Optimizing OOD Detection in Molecular Graphs: A Novel Approach with Diffusion Models

The open-world test dataset is often mixed with out-of-distribution (OOD) samples, where the deployed models will struggle to make accurate predictions. Traditional detection methods need to trade off OOD detection and in-distribution (ID) classification performance since they share the same representation learning model. In this work, we propose to detect OOD molecules by adopting an auxiliary diffusion model-based framework, which compares similarities between input molecules and reconstructed graphs. Due to the generative bias towards reconstructing ID training samples, the similarity scores of OOD molecules will be much lower to facilitate detection.

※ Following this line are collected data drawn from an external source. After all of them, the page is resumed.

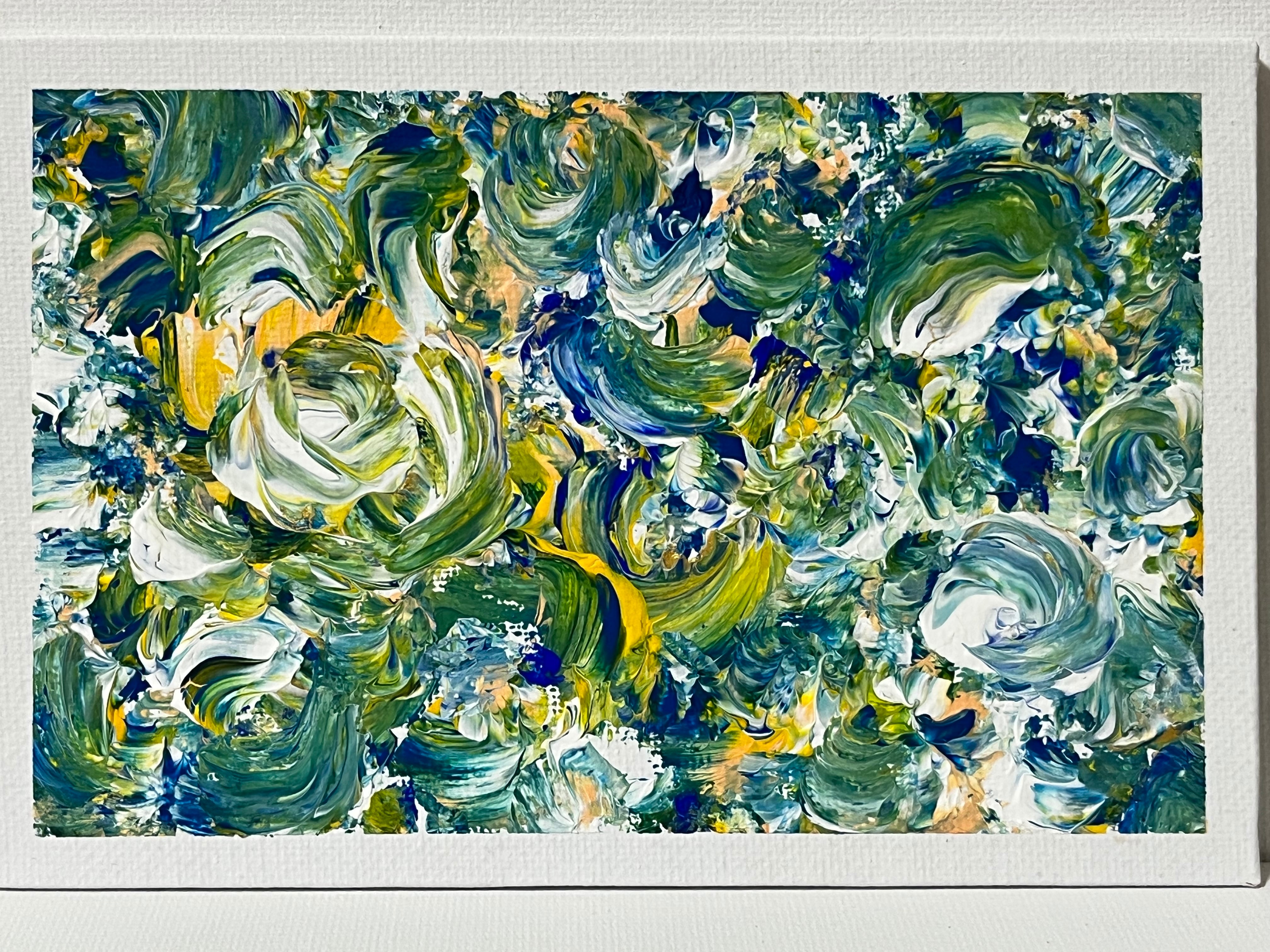 青と緑の波が優雅に重なり、金の輝きが花のように咲き乱れる作品です。心の揺らぎを優しく抱きしめ、内側から湧き上がる穏やかな喜びを静かに伝えてくれます。日常の喧騒から離れた、深い安らぎを感じる一枚です。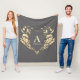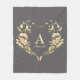 Couverture moderne, élégante, élégante en toison gris avec élégant monogramme de coeur de feuillage doré.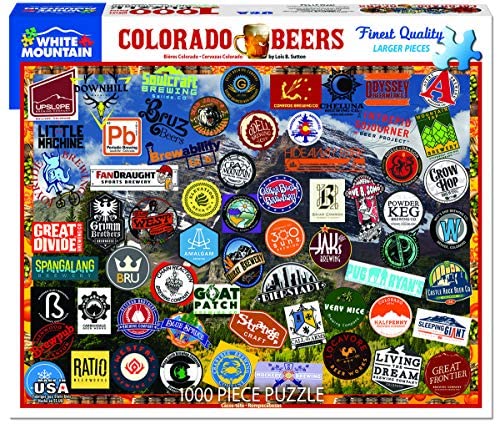 COLORADO FUN: Here is a selection of beer labels for us against a backdrop of Rocky Mountain scenery, including Soul craft, Twisted Pine, Spangalang and Intrepid Sojourner. Great names for great brews! Send some joy: lovely puzzle artwork can evoke joyous memories of home, or spark conversations of past good times! sure to delight, share the art and fun long distance or just treat yourself! Amazing benefits of puzzle building: puzzles enhance motor skills, hand-eye coordination & problem solving skills. Delays cognitive decline, improves short term memory, mood & spatial awareness. Puzzle artistry: combines the artwork with the design of the cut pieces to enhance the enjoyment of the user. Complexity of cut, artistry & detail are all evident of the quality of each piece. Quality pieces: 1000 extra large, easy to handle interlocking pieces made of sturdy blue chipboard on recycled paper. Completed Dimensions: 24 x 30 inches. 100% satisfaction. Made in USA.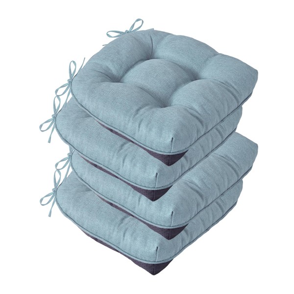 IASEAHK Chair Cushions for Dining Chairs, Seat Cushions for Kitchen Chairs, Indoor Seat Cushions with Ties, Tufted Foam Chair Pads, Non Slip Chair Cushions Set of 4, 15.5" x 15.5" x 4", Light Blue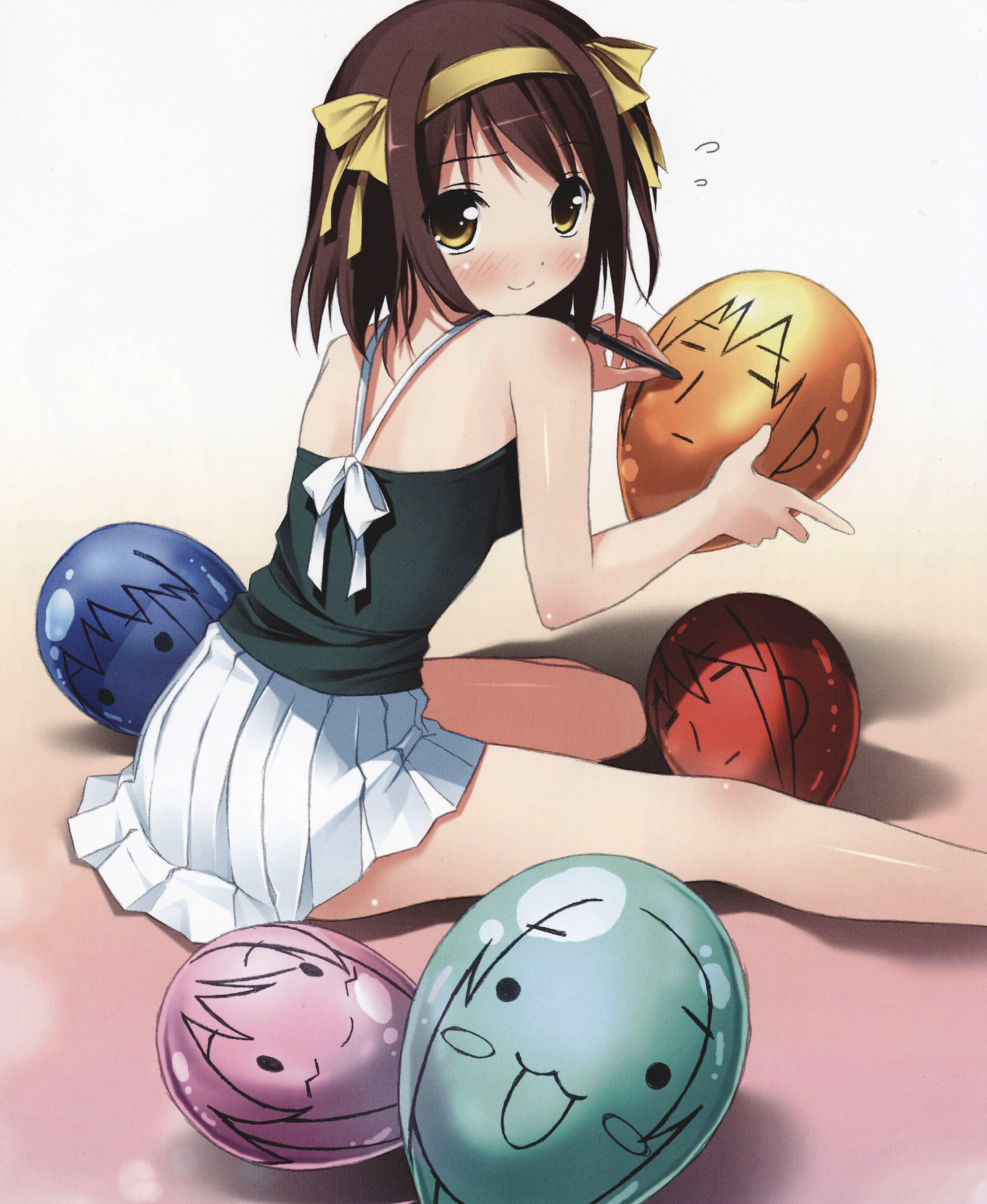 00s1girlballoonblushbrown haircasualdrawing (action)female focushairbandlooking backpleated skirtshort hairsittingskirtsoloyellow eyes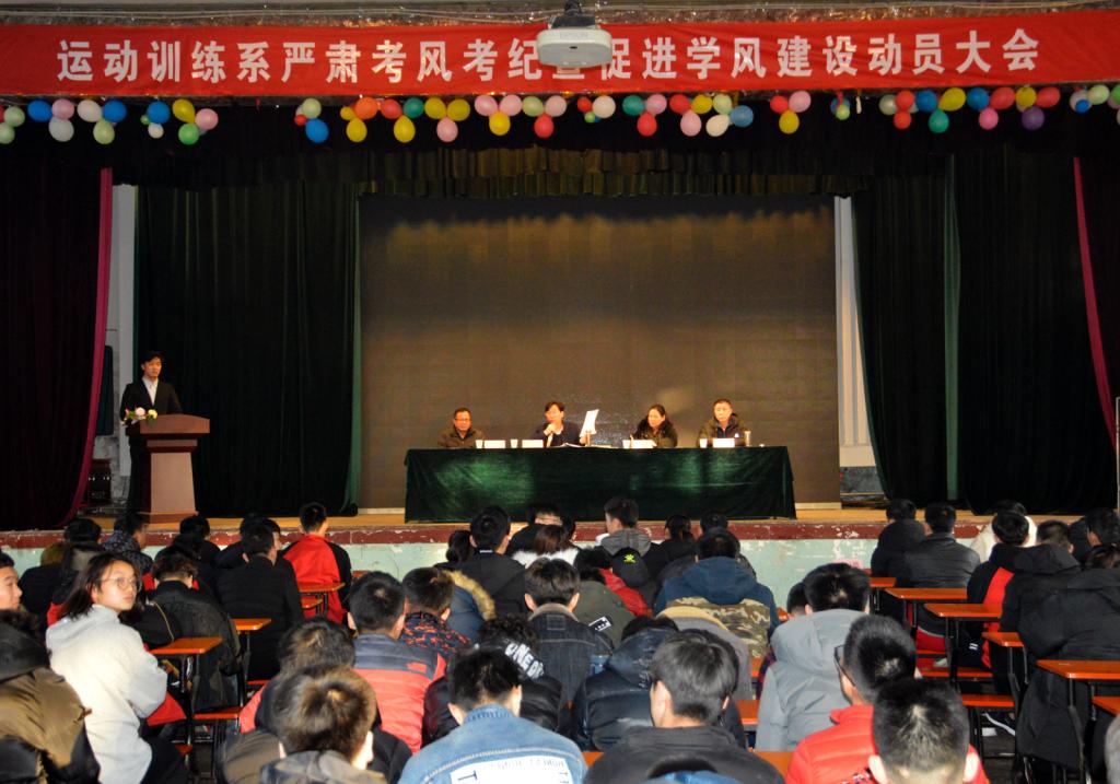 为了进一步加强运动训练系学风建设,端正同学们的考试态度,构建诚信校园,保证期末考试顺利进行。运动训练系于12月27日在德赢vwin体育官网礼堂召开了“严肃考风考纪暨促进学风建设动员大会”,倡导同学们“端正考风、严肃考纪、规范答题、诚信应考”。参加本次会议的领导老师有:运动训练系主任张伟老师、辅导员王文武老师、高琴老师和贾建学老师。
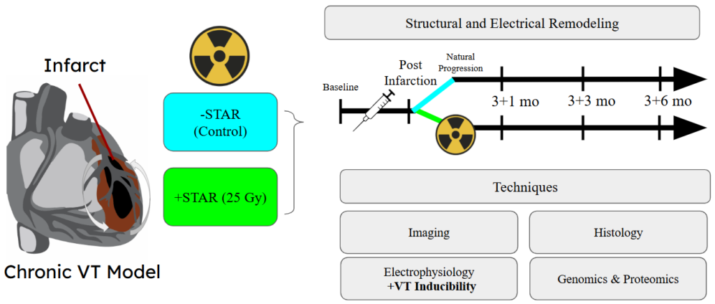 We also utilize pre-clinical experimental models to investigate novel therapies and mechanisms to help improve the clinical approach and treatment of VT. A newly developed non-invasive technique, stereotactic radiotherapy (STAR), uses external beams of energy to disrupt the underlying VT circuit and treat the arrhythmia. Our understanding of why STAR is an effective treatment remains limited. To enhance our understanding, we are investigating the time- and dose-dependent effects of STAR in both healthy and diseased preclinical models.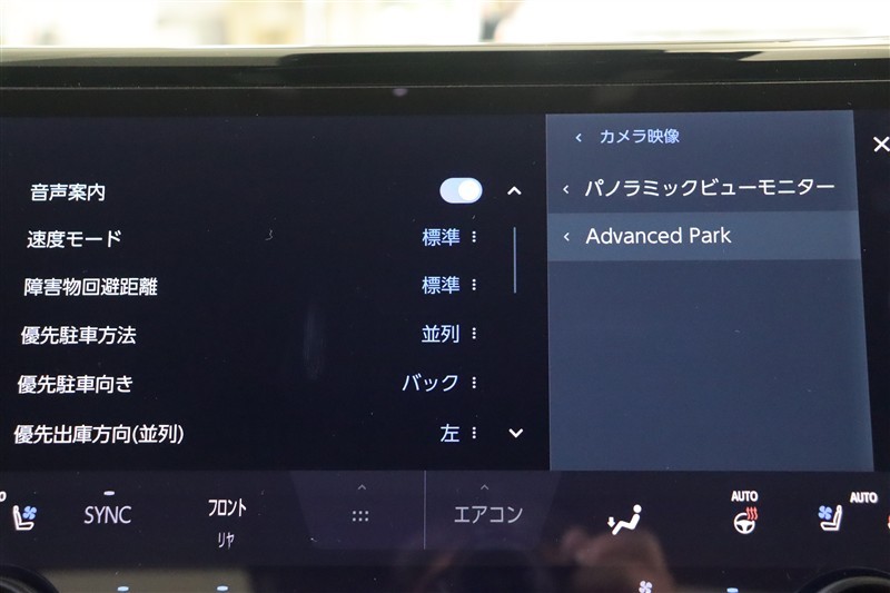アドバンストパークを搭載しています。駐車したい場所の傍に停車して駐車位置を設定すれば、カメラとソナーで周囲を監視し、ステアリング・アクセル・ブレーキ操作が制御され駐車を完了してくれます。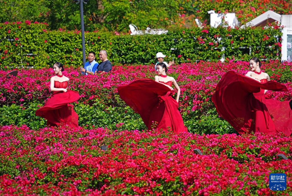 11月15日,演员在广西南宁市青秀山风景区三角梅花园演出。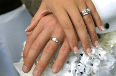 A bride and groom show their new belongings.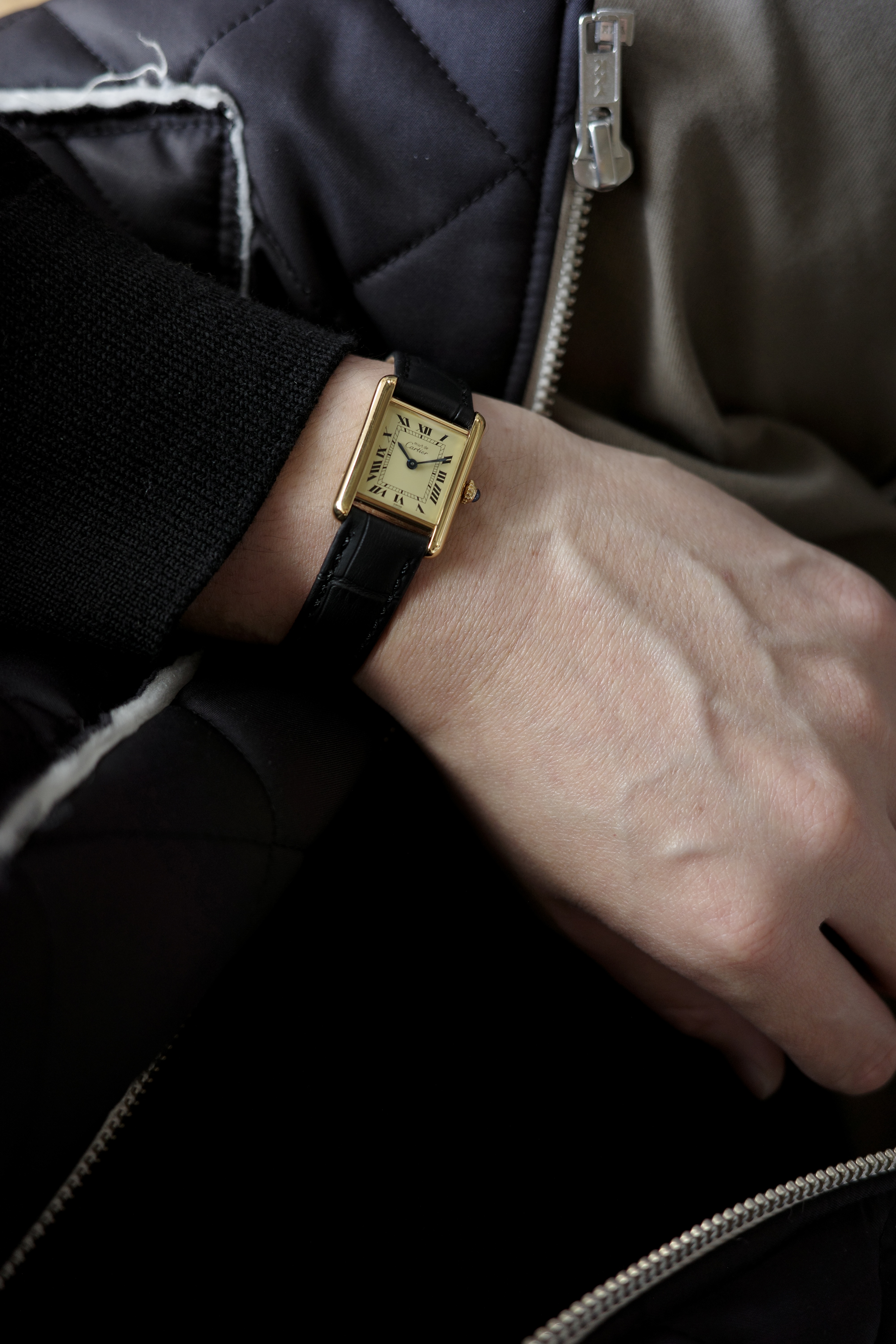 1970年代に誕生し、メゾンの歴史を語るうえで欠かせない名作、Cartier Must Tank(カルティエ マストタンク)のSMサイズ。ルイ・カルティエが生み出したタンクの端正なフォルムを受け継ぎながら、より身近な存在として登場した“Must de Cartier”ライン。アイコニックなレクタンギュラーケースやローマンインデックス、カボションリューズ等、カルティエらしい意匠が凝縮されています。華奢で上品なSMサイズは、腕元にさりげない品格を添える絶妙なバランス。ブラックレザーベルトとのコントラストも美しく、クラシックにもモードにも馴染む一本です。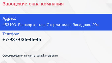Заводские окна, компания по адресу 453103, Башкортостан, Стерлитамак, Западная, 20а в дальнейшем Организация, размещена в следующих категориях: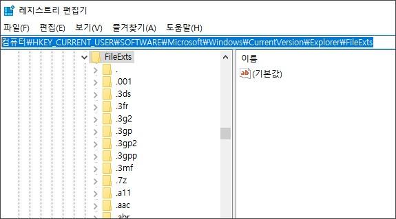 컴퓨터\HKEY_CURRENT_USER\SOFTWARE\Microsoft\Windows\CurrentVersion\Explorer\FileExts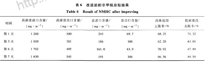 3.1.2 聯(lián)機(jī)調(diào)試階段結(jié)果分析 1)高濃度段硫化氫去除率均大于99.5% ,滿足要求。 2)高濃度段氨、苯、甲苯、非甲烷總烴的去除率逐步降低。 3)低濃度段各污染物去除率不穩(wěn)定。 4)總出口非甲烷總烴含量超過(guò)《石油煉制工業(yè)污染物排放標(biāo)準(zhǔn)》(GB 31570—20l5)和《惡臭污染物排放標(biāo)準(zhǔn)》(GB 14554.1993)中的排放限值要求。 3.1.3 聯(lián)機(jī)調(diào)試階段存在的問(wèn)題、原因分析及改進(jìn)方法 1)由高濃度段氨、苯、非甲烷總烴的去除率變化趨勢(shì)可知,吸附罐的吸附效率逐漸降低。經(jīng)分析,可能原因?yàn)椋喝丝跉怏w污染物含量超標(biāo)、吸附效果不好、解析效果不好。 改進(jìn)方法:針對(duì)吸附罐吸附效率低、解析效果不理想的問(wèn)題,逐步改變吸附時(shí)問(wèn)、解析時(shí)I1;IJ 反沖時(shí)間。將吸附時(shí)間縮短,同時(shí)將解析時(shí)間比例加長(zhǎng),后又改為1個(gè)吸附周期實(shí)現(xiàn)2次解析、2次反沖過(guò)程,增加脫附和反沖次數(shù),增強(qiáng)解析效果。2)生物滴濾段及生物過(guò)濾段的微生物馴化效果還不穩(wěn)定,其對(duì)苯及非甲烷總烴的去除效果不理想改進(jìn)方法:在馴化過(guò)程中逐步調(diào)整,在生物過(guò)濾段及滴濾段中添加苯降解菌及烴類降解菌,并定期定量投加營(yíng)養(yǎng)物質(zhì),人工調(diào)節(jié)pH,觀察污染物去除效果。 3)吸附劑解析氣體中水蒸氣較多,使二級(jí)、三級(jí)冷箱結(jié)霜嚴(yán)重,除霜不徹底時(shí),會(huì)影響解析效果改進(jìn)方法:將冷箱溫度適當(dāng)升高,在維持系統(tǒng)穩(wěn)定運(yùn)行、保證除霜效果的情況下,確保解析氣巾的組分得到冷凝。 3.2 改進(jìn)后的結(jié)果及分析 3.2.1 改進(jìn)后的結(jié)果 改進(jìn)后的結(jié)果如表6所示。

Although it is conceptually simple, extending this vanilla framework to practical detection applications is still limited by two significant challenges. First, the popular similarity metrics based on Euclidian distance fail to consider the complex graph structure. Second, the generative model involving iterative denoising steps is time-consuming especially when it runs on the enormous pool of drugs. To address these challenges, our research pioneers an approach of Prototypical Graph Reconstruction for Molecular OOD Detection, dubbed as PGR-MOOD and hinges on three innovations: i) An effective metric to comprehensively quantify the matching degree of input and reconstructed molecules; ii) A creative graph generator to construct prototypical graphs that are in line with ID but away from OOD; iii) An efficient and scalable OOD detector to compare the similarity between test samples and pre-constructed prototypical graphs and omit the generative process on every new molecule. Extensive experiments on ten benchmark datasets and six baselines are conducted to demonstrate our superiority.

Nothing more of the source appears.